There are hundreds, if not more, of web scraping applications and scripts that are readily available. Most often, the web scrapers charge a monetary value to be used whether this is a one-time purchase, monthly subscription, or content-based pricing. A key limitation to consider regarding generic web scraping software is that they can be difficult to set up or use due to the steep learning curve associated with each application. It is also important to consider that when switching between web scraper tools, it is not likely that they will function in the same way.

ScrapeHero

ScrapeHero is a web scraping service that is often used for large-scale data collection purposes that is widely known for its processing power and efficiency. It is commonly seen being used for research data collection, real estate and housing data, and stock market and financial data. ScrapeHero’s large infrastructure is able to support the scraping of approximately 3000 pages per second.

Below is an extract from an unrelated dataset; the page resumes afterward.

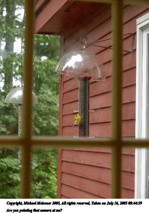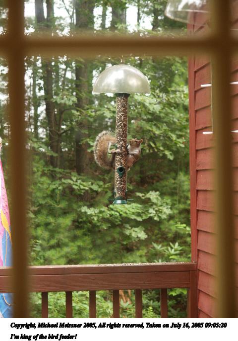 Picture #1: I'm king of the bird feeder! 480x686, 69,322 bytes (68K), (html file) Copyright, Michael Meissner 2005, All rights reserved Olympus E-1 camera with Olympus 14-54mm f/2.8-3.5 lens f/3.5, ISO 400, 1/125 sec, 54.0mm, auto mode, SHQ, matrix metering, +2 sharpening 35mm equivalent focal length 108.0mm Taken by Michael Meissner on July 16, 2005 09:05:20 Last modified on July 16, 2005 at 09:22 |

However, this poses the threat of putting a heavy load of traffic on the target website’s servers and networks. Depending on the purpose that this application is used for, it can lead to trouble for smaller businesses if they are not able to handle the amount of incoming traffic, and thus, can effectively land the user in trouble due to the noize being created.

Mozenda

Mozenda is a cloud-based web scraping service consisting of a web console and Agent Builder, a Windows application for creating customized projects, allowing the user to run their own agents. The extracted data may be exported or directly published to a cloud storage provider. The data extraction takes place through servers in Mozenda’s data centers. With the use of Geolocation, Mozenda allows users to protect their IP addresses from being banned. Mozenda also supports documentation extraction, image extraction, multi-threaded extraction, and smart data aggregation. Due to its many available features, Mozenda is an expensive scraping tool that charges from $99 per 5000 pages, and requires a Windows PC to actively run.

Import.Io

Import.Io is a web scraping service that can be used by most operating systems. With its user-friendly interface, it serves as an easy-to-use platform consisting of a clean interface, simple dashboard, and screen capture in its design. To use this, a user simply has to click and extract data on a website and it will then be stored on a cloud service for multiple days. This service costs about $299 per month for 5000 URL queries or $4,999 per year for 500,000 URL queries.

Octoparse

Octoparse is a free web scraping service that offers scraping service for unlimited pages. It provides tools such as Regex and XPath to allow precise extraction of data. Octoparse also offers subscription plans for small teams up to enterprise level consumers. Since websites are written by people, it is likely that the coding contains mistakes. This causes normal extraction to miss irregular data during the process. Due to XPath, 80% of missing data problems can be resolved. Octoparse offers built-in templates (Amazon, Yelp, TripAdvisor) for beginners, off-the-shelf guidelines and YouTube tutorials, and free unlimited crawls. It includes various features that are smooth and easy to operate.

Custom Web Scrapers

Manually creating a web scraper can offer benefits such as customizability and scalability. Furthermore, another benefit to coding a web scraper is the avoidance of developer dependence. In other words, if the developers of a tool stop supporting it, then one would likely end up sifting through many other web scrapers for a suitable one. This can prove to be an annoyance especially when considering that the scraper’s functionality will be limited to the developer’s ideas. Furthermore, it does not cost anything for a custom-built web scraping application!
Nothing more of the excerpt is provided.